US trade deficit widened to a new high even after sweeping tariffs, highlighting limits of protectionist policies so far.
The US goods trade deficit climbed about 2.1% year over year to roughly $1.2 trillion, according to data from the Bureau of Economic Analysis. The increase came despite aggressive tariff measures introduced by Donald Trump aimed at boosting domestic manufacturing and reducing reliance on imports.
Key Drivers
- Imports hit a record $3.4 trillion, fueled partly by demand for AI-related computer equipment.
- Exports also reached a high, though shipments of food and cars declined.
- Companies rushed to import goods early last year before tariffs took effect, distorting trade patterns.
China Trade Fell, Others Rose
The US trade deficit with China dropped about 30% to $202.1 billion, its lowest level in roughly two decades.
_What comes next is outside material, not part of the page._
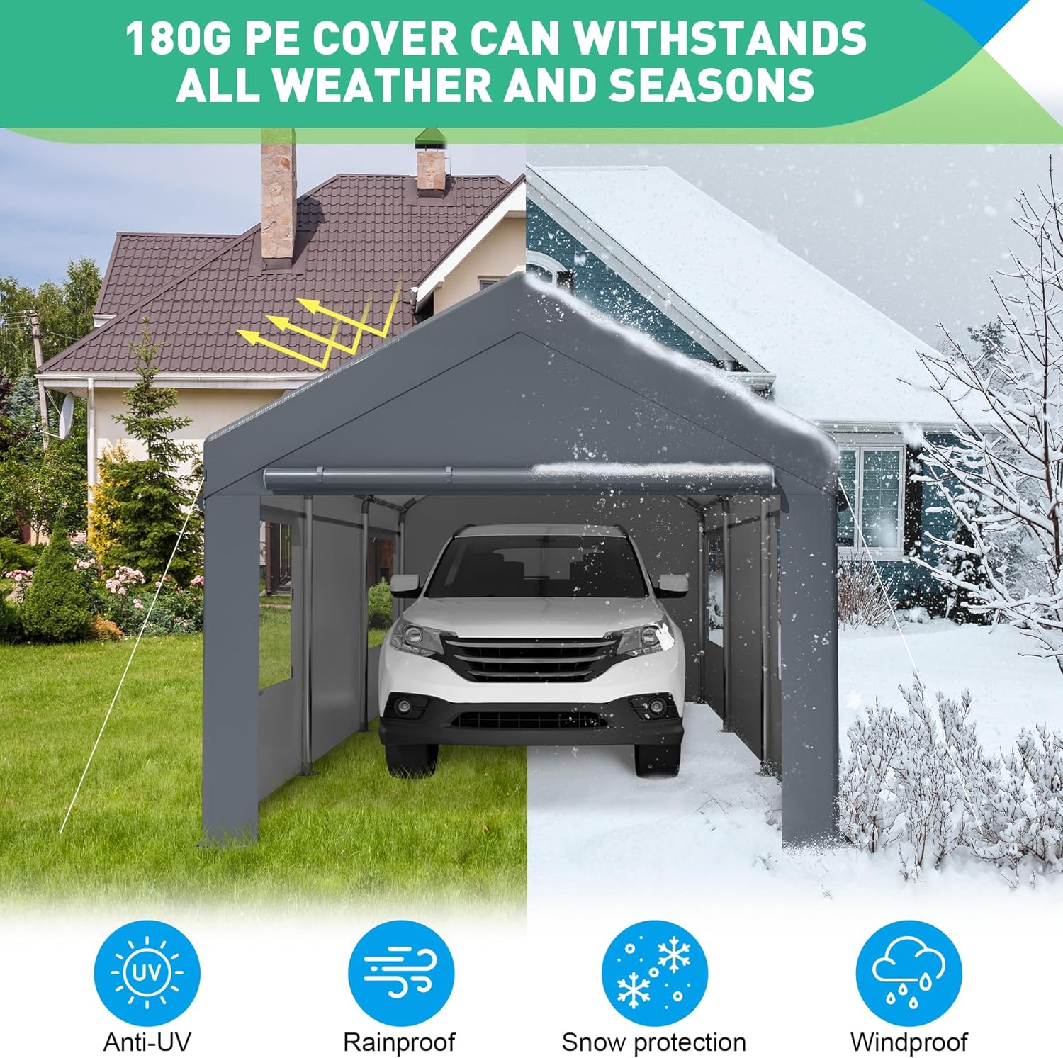 - 【ALL-SEASON PROTECTION FROM THE ELEMENTS】: Stay shielded year-round with the 180g waterproof canopy cover, crafted from extra-thick polyethylene fabric. This heavy duty all weather carport tent protects vehicles from sun, rain, dust, hail, and snow, preserving their condition. As a versatile 10 x 20 canopy tent, it delivers reliable defense against the elements, ensuring your car, boat, or bike remains safeguarded.

But gaps widened with other countries, including Mexico, Vietnam, and Taiwan, offsetting the decline.
Volatile Monthly Swings
The deficit jumped nearly 33% in December to $70.3 billion, driven by rising imports of telecommunications equipment, pharmaceuticals, and gold. Analysts say shifting tariff announcements created erratic trade flows throughout 2025.
Outlook
Economists at Wells Fargo expect imports could still rise despite tariffs as supply chains adjust. A separate analysis from JP Morgan Chase Institute found many firms had already begun shifting sourcing away from China before tariffs took effect, suggesting policy impacts may take time.
Tariffs reshaped who the US trades with, but not how much. The deficit remains near record levels, raising questions about whether trade barriers can meaningfully shrink it.